According to a widely held theory of cognition called "computationalism," cognition (i.e., thinking) is a form of computation. But computation can be reduced to formal symbol manipulation: symbols are manipulated according to rules that are based on the symbols' shapes, not their meanings.
The symbol grounding problem is related to the problem of how words (symbols) get their meanings, and hence to the problem of what meaning itself really is. The problem of meaning is in turn related to the problem of consciousness, or how it is that are meaningful.
How are those symbols (e.g., the words in our heads) connected to the things they refer to? It cannot be through the mediation of an external interpreter's head, because that would lead to an infinite regress, just as looking up the meanings of words in a (unilingual) dictionary of a language that one does not understand would lead to an infinite regress.

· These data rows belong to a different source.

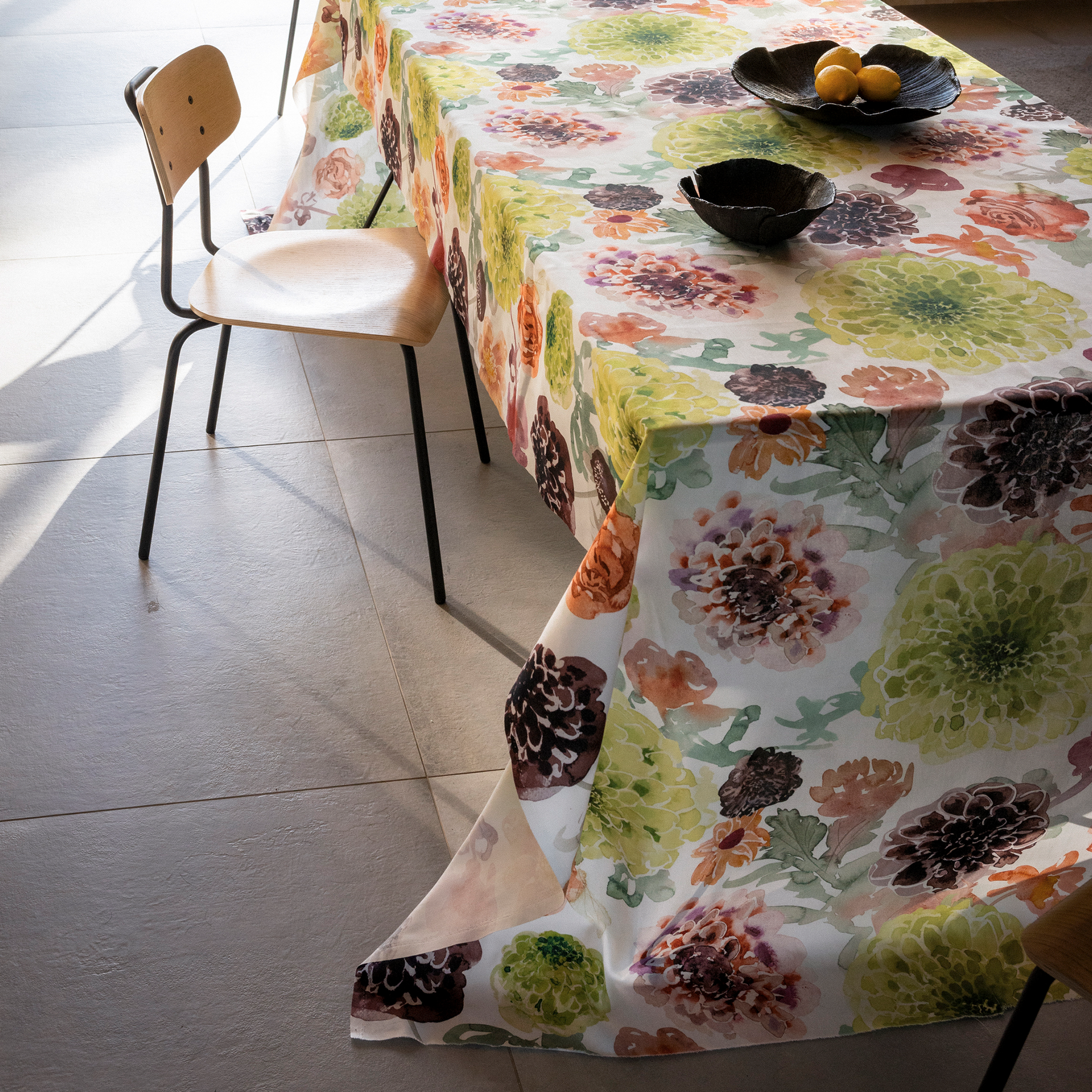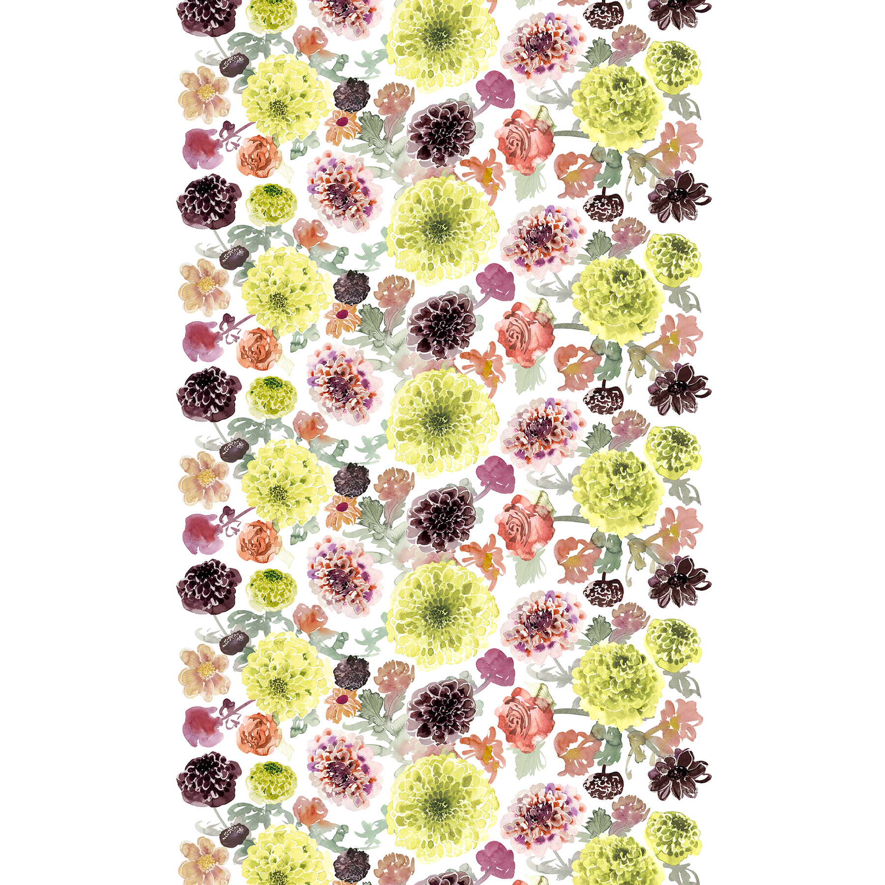 Trendikukka daalia kukkii pitkälle syksyyn saakka ja kantaa muhkeilla kukinnoillaan kesämuistot sisälle koteihimme ilmojen viiletessä ja päivien lyhentyessä. Lasse Kovasen siveltimestä syntyneen Daalia-kuosin lämmin ja hehkuva väriskaala saa kesän jatkumaan hiukan pidempään. Kuosissa on sekä voimaa että herkkyyttä ja sen värit antavat energiaa.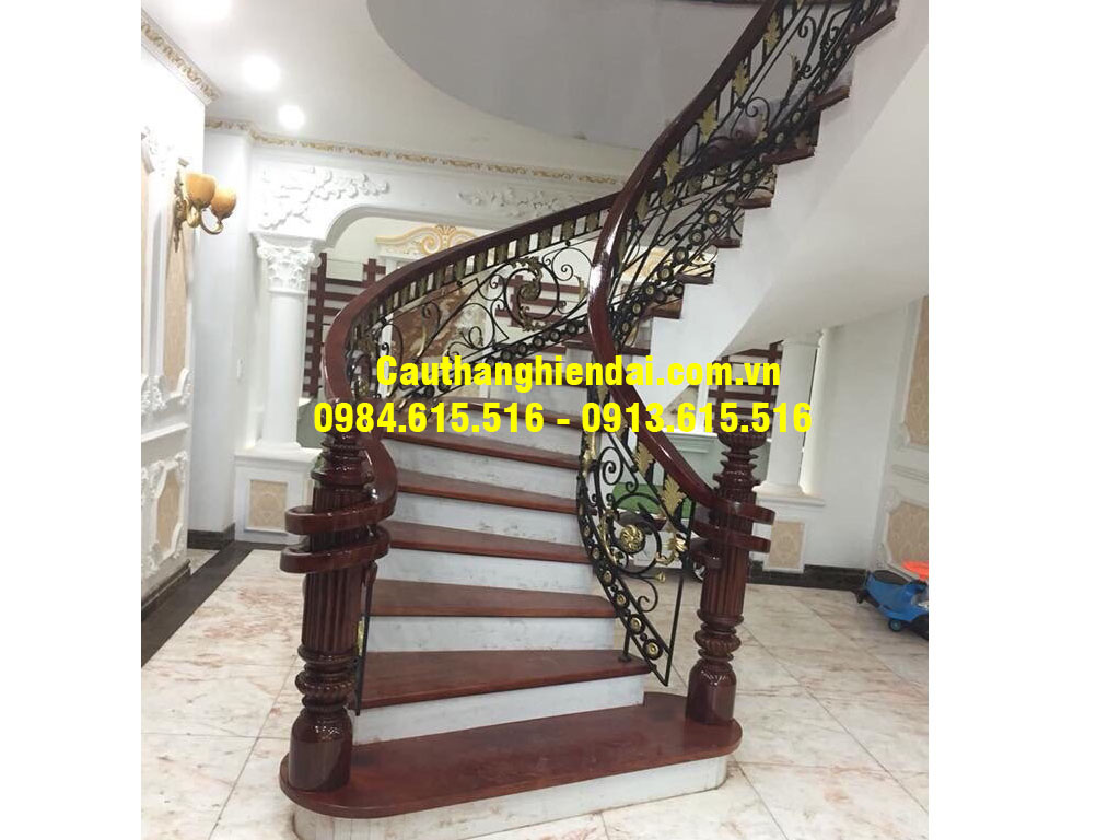 Cầu thang sắt nghệ thuật -tay vịn gỗ lim nam phi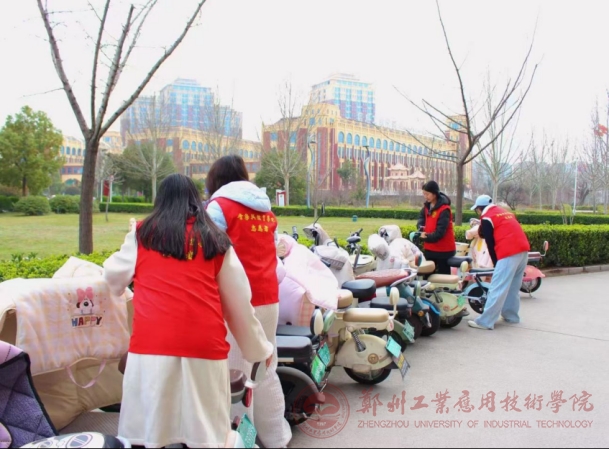 志愿者们身着红色志愿马甲,分批次开展专项服务。在校园主干道旁,大家分工协作整理电动车停放秩序,弯腰扶正歪斜车辆,将乱停车辆逐一移至指定区域,还耐心劝导过往同学按线停车、文明出行,让原本杂乱的停车区变得井然有序,显著提升道路通行效率。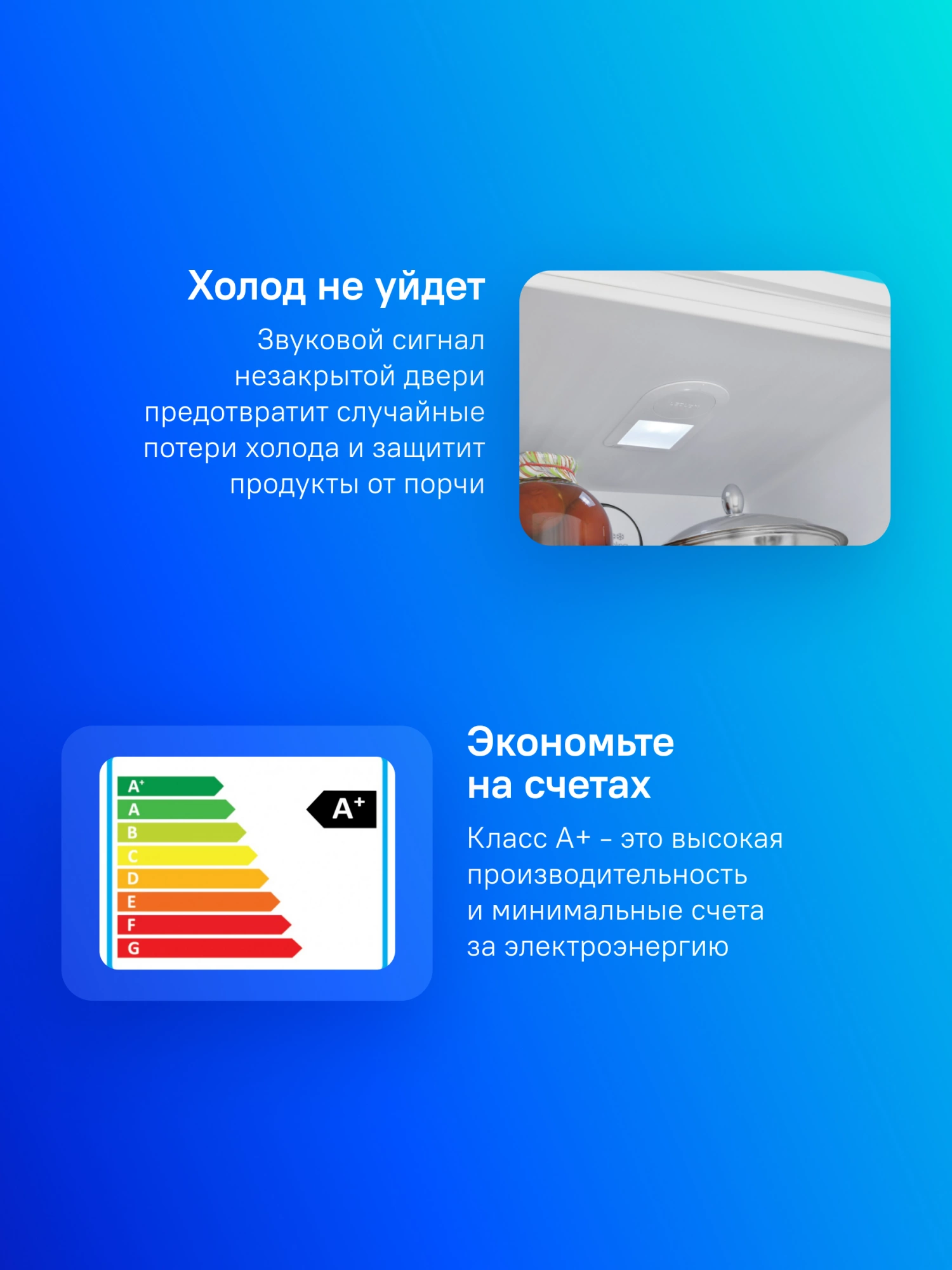 визуальная индикация отключения электропитания, звуковой сигнал незакрытой двери, температуры
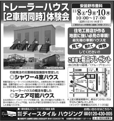 | 珍しいシャワートレーラーと戸建て住宅と同等の高性能トレーラーハウス!2台同時体験内覧会を開催します! |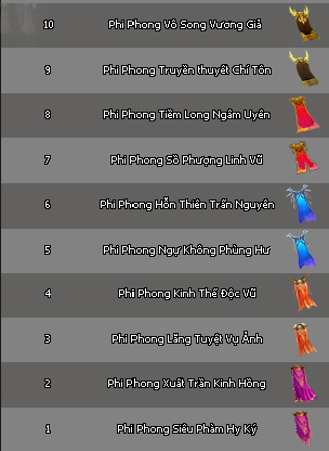 | 110 | x5 Huyền Tinh 8 x1 Huyền Tinh 9 x200 Vạn Bạc Khoá x1000 Tiền Du Long |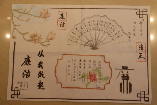 本次活动得到全院学生的热情参与,学生以倡廉洁、行勤俭、树清风,讲法治为视角进行创作,共收到作品50余件,参选作品内容丰富,形式多样,包括书法、绘画、海报、短视频等。经过学院认真评选,最终有10件作品获奖,其中护理1909乔欢欢获得一等奖,护理1908程远、张怡倩获得二等奖,护理1909王丹妮、护理1915刘璇、护理1903黄芷菁获得三等奖,护理1907赵生妍、助产1904何佳灵、护理1912张欢、护理1916张佳乐、王可瑶、常乐获得优秀奖。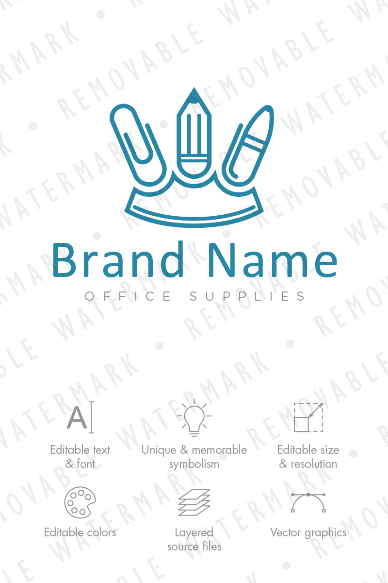 Download Шаблон логотипа "King of Office Logo Template" / King of Office Logo Template - Шаблон логотипа на тему графика creative simple office school ink pencil pen write jewelry crown kingdom king clip supplies paper logo design template publishing tool

The symbols in an autonomous hybrid symbolic+sensorimotor system—a Turing-scale robot consisting of both a symbol system and a sensorimotor system that reliably connects its internal symbols to the external objects they refer to, so it can interact with them Turing-indistinguishably from the way a person does—would be grounded. But whether its symbols would have meaning rather than just grounding is something that even the robotic Turing test—hence cognitive science itself—cannot determine, or explain.
A symbol is any object that is part of a symbol system, a set of symbols and syntactic rules for manipulating them on the basis of their shapes. The symbols are systematically interpretable as having meanings and referents, but their shape is arbitrary in relation to their meanings and the shape of their referents. Only in our minds do they take on meaning (Harnad 1994).
A numeral is as good an example as any: Numerals (e.g., "1," "2," "3,") are part of a symbol system (arithmetic) consisting of shape-based rules for combining the symbols into ruleful strings. "2" means what we mean by "two", but its shape in no way resembles, nor is it connected to, "two-ness." Yet the symbol system is systematically interpretable as making true statements about numbers (e.g. "1 + 1 = 2").
This is not to depreciate the property of systematic interpretability: We select and design formal symbol systems (algorithms) precisely because we want to know and use their systematic properties; the systematic correspondence between scratches on paper and quantities in the universe is a remarkable and extremely powerful property. But it is not the same thing as meaning, which is a property of certain things going on in our heads.